In view of this situation, an apparatus for polishing the periphery portion of a wafer is recently contrived which uses an abrasive tape, which means a tape supporting fixed abrasive grains thereon instead of an apparatus in which a wafer is polished with the help of a polishing slurry. In the former apparatus, the problem of flaws on the back face of a wafer does not occur due to lack of a polishing slurry including an alkaline substance. However, this apparatus does not replace loss of the abrasive grains on an abrasive tape with new ones during operation at a working spot, which differs from the free-abrasive-grain polishing above mentioned in this point of argument, and therefore the loss of the fixed abrasive grains and loading of the abrasive layer take place faster, when the same and one abrasive tape is repeatedly used. Consequently it is indispensable in polishing a chamfer by an abrasive tape that a fresh face of the tape should be always fed to a polishing spot on the chamfer so that the polishing may be effectively executed.
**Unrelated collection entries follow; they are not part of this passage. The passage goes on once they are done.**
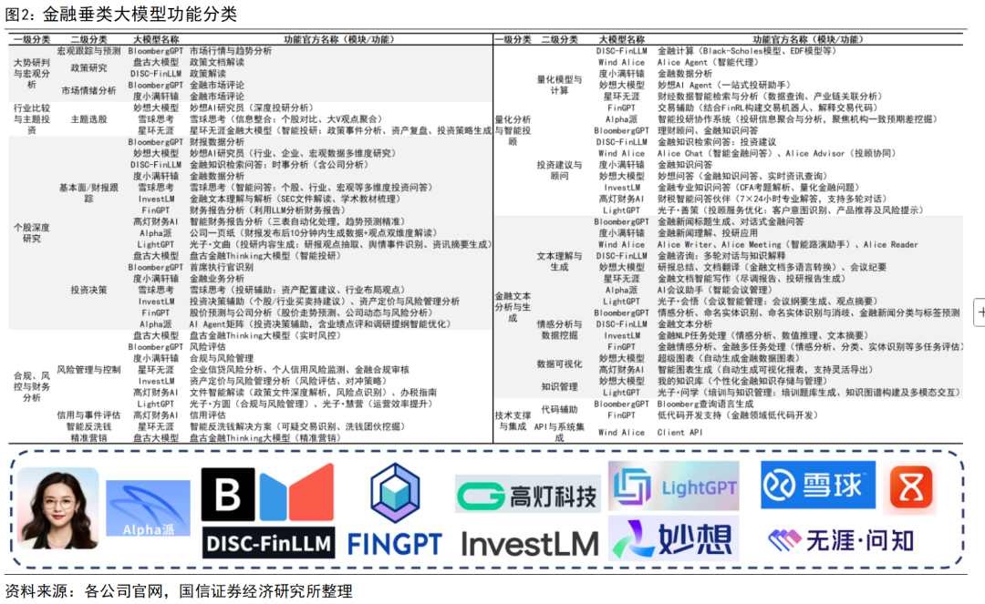 金融垂类大模型以深度行业Know-How与业务流程嵌入能力为核心,专为金融场景构建从投研、风控到运营的全链路解决方案。金融垂类大模型凭借其专为金融场景设计的底层架构与行业特定数据训练,在业务精准度和流程嵌入深度上展现出显著优势。其共性在于深度融合金融业务逻辑,在投研分析、合规风控、量化交易等核心场景提供高精度专业解决方案;特性上则呈现高度垂直细分:BloombergGPT以金融市场数据解读见长,LightGPT实现投研、合规、运营全流程闭环服务,星环无涯专注风控与反洗钱技术,盘古大模型强化政策研判能力,形成覆盖前中后台的专业化矩阵体系。这些模型通过领域自适应训练、多模态金融数据融合及实时计算优化,有效支撑从高频交易到长效风险管理的全周期业务需求。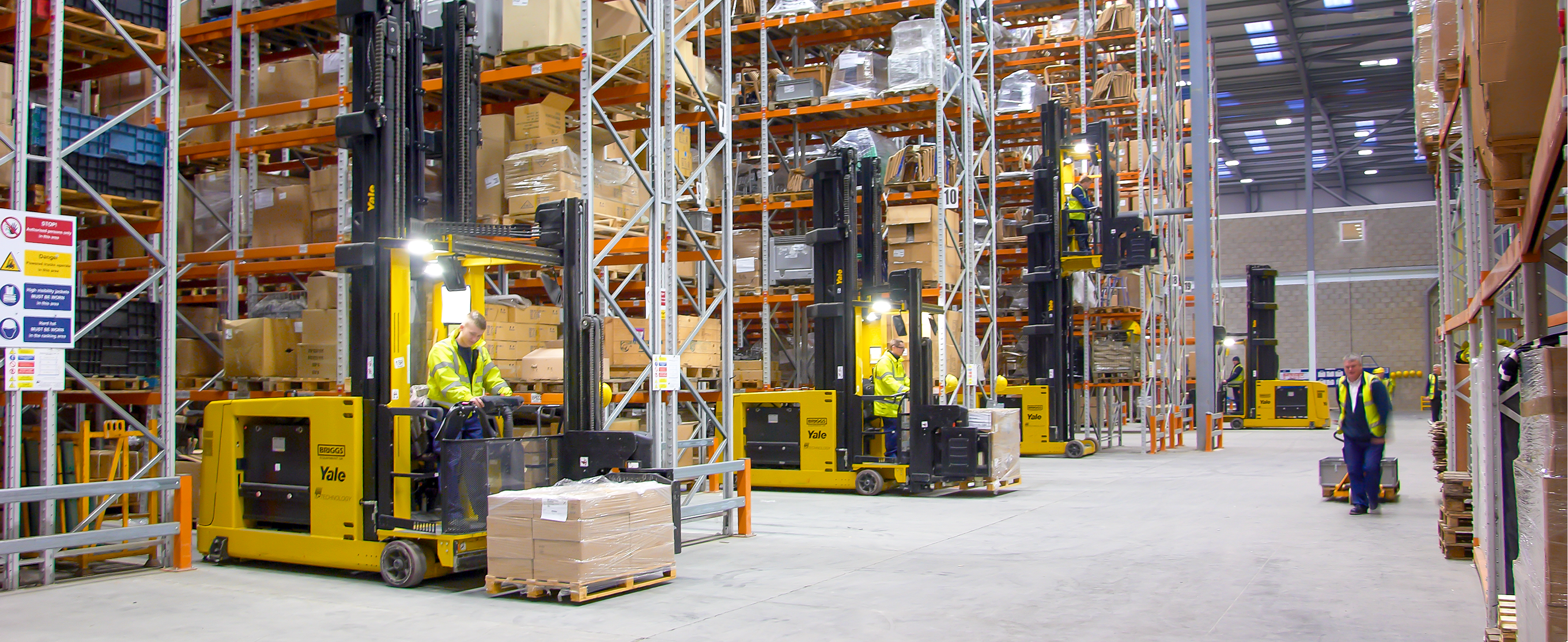 Numerous Yale turret trucks working in narrow warehouse aisle.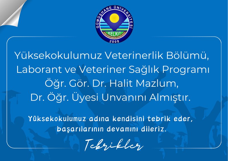 Yüksekokulumuz Veterinerlik Bölümü, Laborant ve Veteriner Sağlık Programı Öğr. Gör. Dr. Halit Mazlum, Dr. Öğr. Üyesi Unvanını Almıştır.
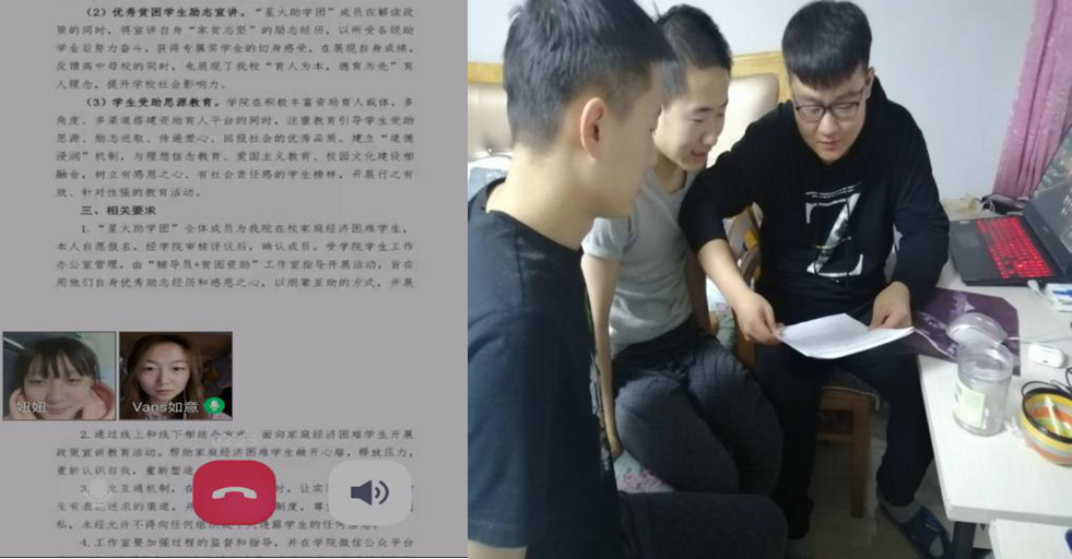 星火助学团成员李浩宇、任广慧由于疫情影响,采取线上方式为身边家庭经济困难的同学讲解了国家助学金、国家助学贷款、省政府奖学金、学费减免、校级困难补助、勤工助学等国家、省、校资助政策。这样的亲身解读为家庭经济困难的同学们带来了新的憧憬和向往,温暖人心的好政策让怀揣梦想的他们轻装上阵、冲向远方。
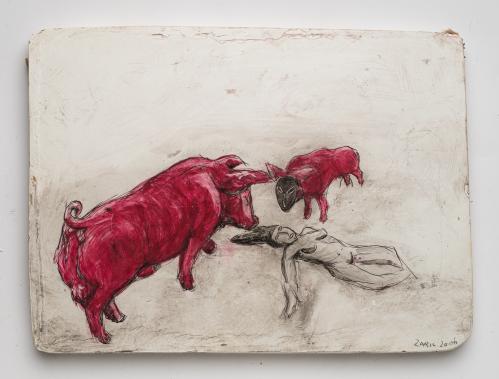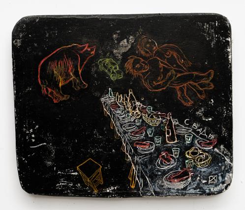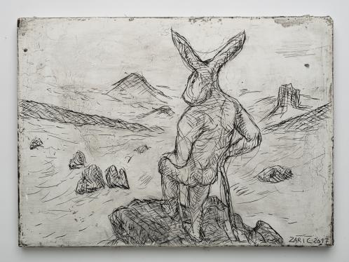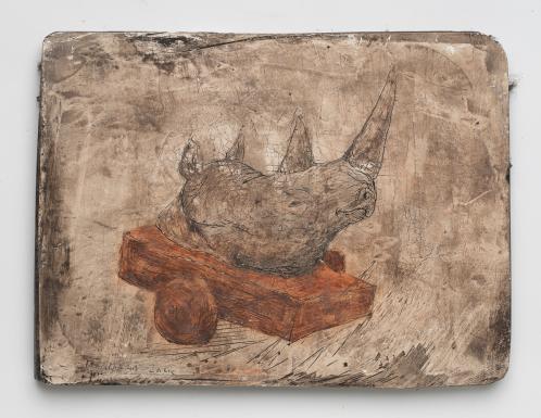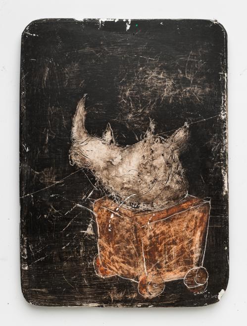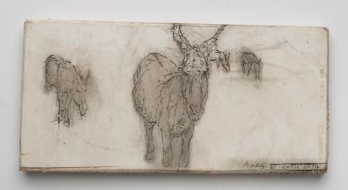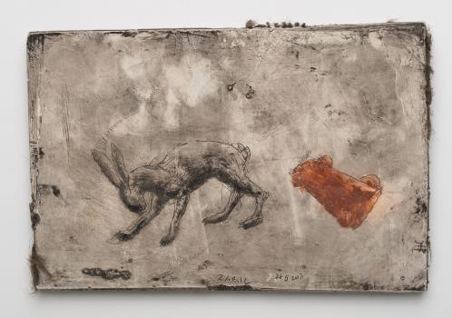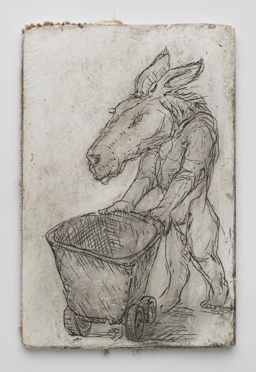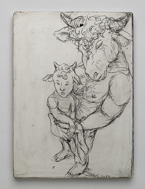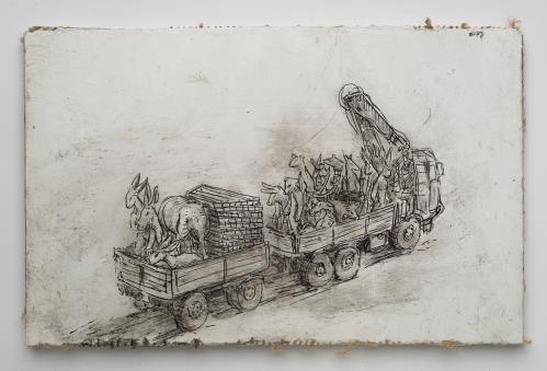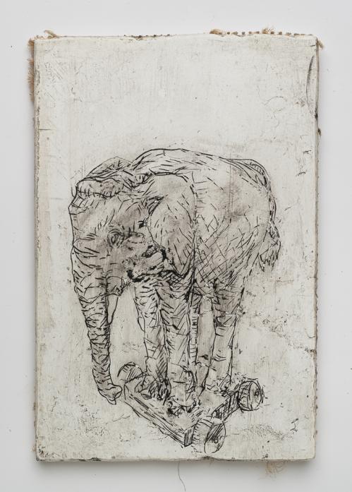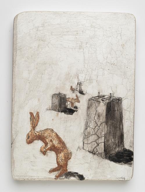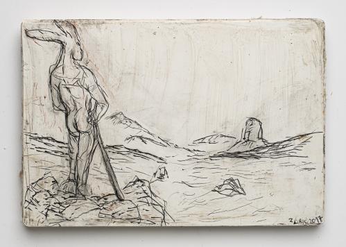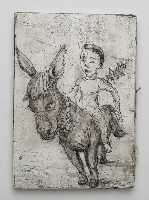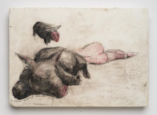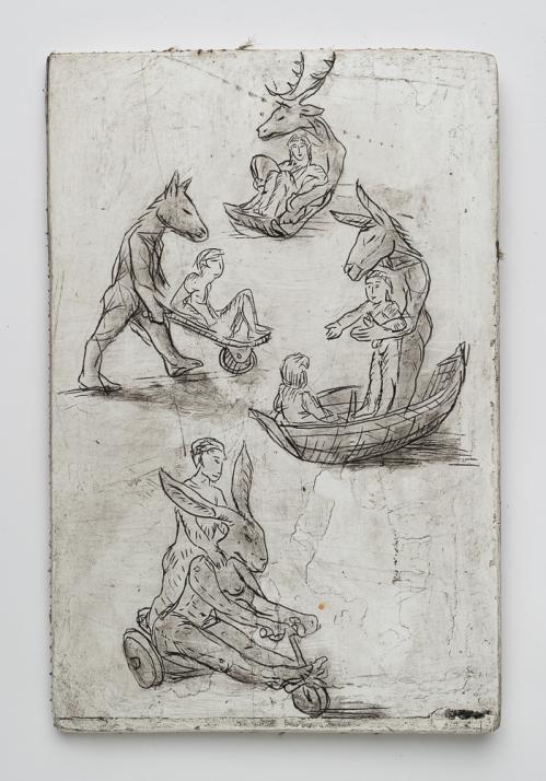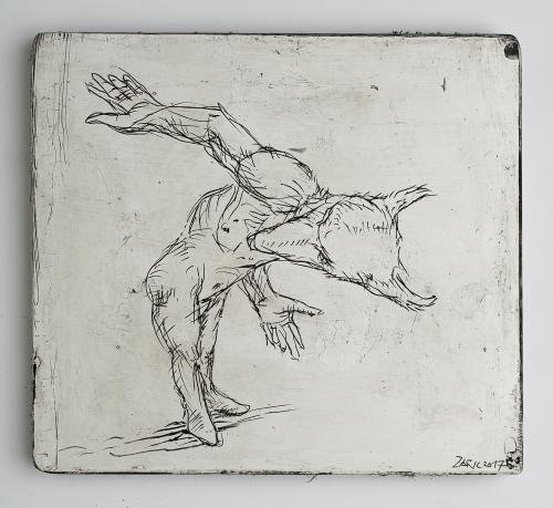 2017, Plâtre gravé, technique mixte , 21 x 30 cm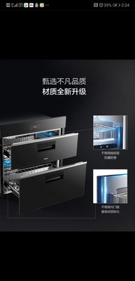 外观大气简单,110升的容量,内部空间很大,洗完碗放好只需一按,想消哪层消哪层,太好用了。黑晶玻璃面板,易清理,家庭必需品,跟细菌拜拜!赞,质量好,材质厚实,没有味道,按键反应灵敏,效果好,性价比超高,用起来非常方便,值得推荐
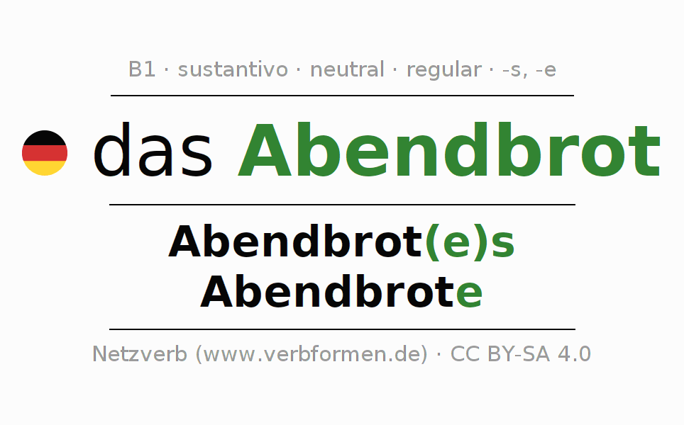 La declinación del sustantivo en forma de tabla con todas su formas: singular, plural y en los cuatro casos: nominativo (primer caso), genitivo (segundo caso), dativo (tercer caso) y acusativo (cuarto caso). Las construcciones gramaticales están representadas de forma clara en una tabla sinópica. La inflexión de los sustantivos es una ayuda durante tareas, exámenes, para cursos de alemán, la universidad, el estudio del alemán como lengua extranjera o como segundo idioma y para estudiantes adultos. La declinación correcta de las palabras es especialmente importante para los que aprenden el idioma alemán. Aquí encontraras más información acerca del tema Wiktionary Abendbrot y aquí también a través del Duden Abendbrot.

In an apparatus for polishing the chamfer of a wafer, which uses a tape holding fixed abrasive grains, the following contrivance has been made that a feed reel feeds a fresh face of the tape to the polishing spot in succession all the time and thereby the polishing does not fail to be effected by a fresh face as well as a already used face continues to be pulled away and the tape is then wound a take-up reel.
An polishing apparatus of this type is schematically shown in FIG. 4. The polishing apparatus 10 includes a wafer holder 11, a feed reel 12 to feed a tape 14 and a take-up reel 13 to wind the used portion of the tape. With the apparatus 10, the tape 14 is fed by the feed reel 12, a fresh face of the tape 14 is continuously brought to contact the polishing spot and a used face thereof is in succession pulled away to be wound by the take-up reel 13, while the tape 14 is tried to use the full width. On the other hand the wafer is kept on rotating as it is held by wafer holder 11 during polishing, so that the rotation may give rise to a relative velocity between the chamfer of the wafer and the tape.
However a polishing apparatus of this type have had the following problems to be solved.
In polishing by an abrasive tape, important conditions are the feed velocity of the tape and the relative velocity between the tape and the working spot on the chamfer under polishing for effective polishing.
The above mentioned polishing apparatus is adapted to freely adjust the velocity of the tape at an operator's option and thereby the fresh face of the abrasive tape is fed at a variable velocity to the working spot. However, specially in the step of processing the orientation flat portion of the wafer, there remains an unsolved problem that a velocity of the tape relative to the working spot is not able to reach a enough value to polish the chamfer since the relative velocity is dependent on not the rotational motion of the wafer but the motion of the tape in side-way oscillation. What's more, in the step of processing the round peripheral portion, there are such problems as the rotating wafer is subject to vibrate due to frequent decentralized vacuum-chucking on a stage or the full width of a tape is unable to utilize in order to make the finish all over a chamfer uniform and good in quality.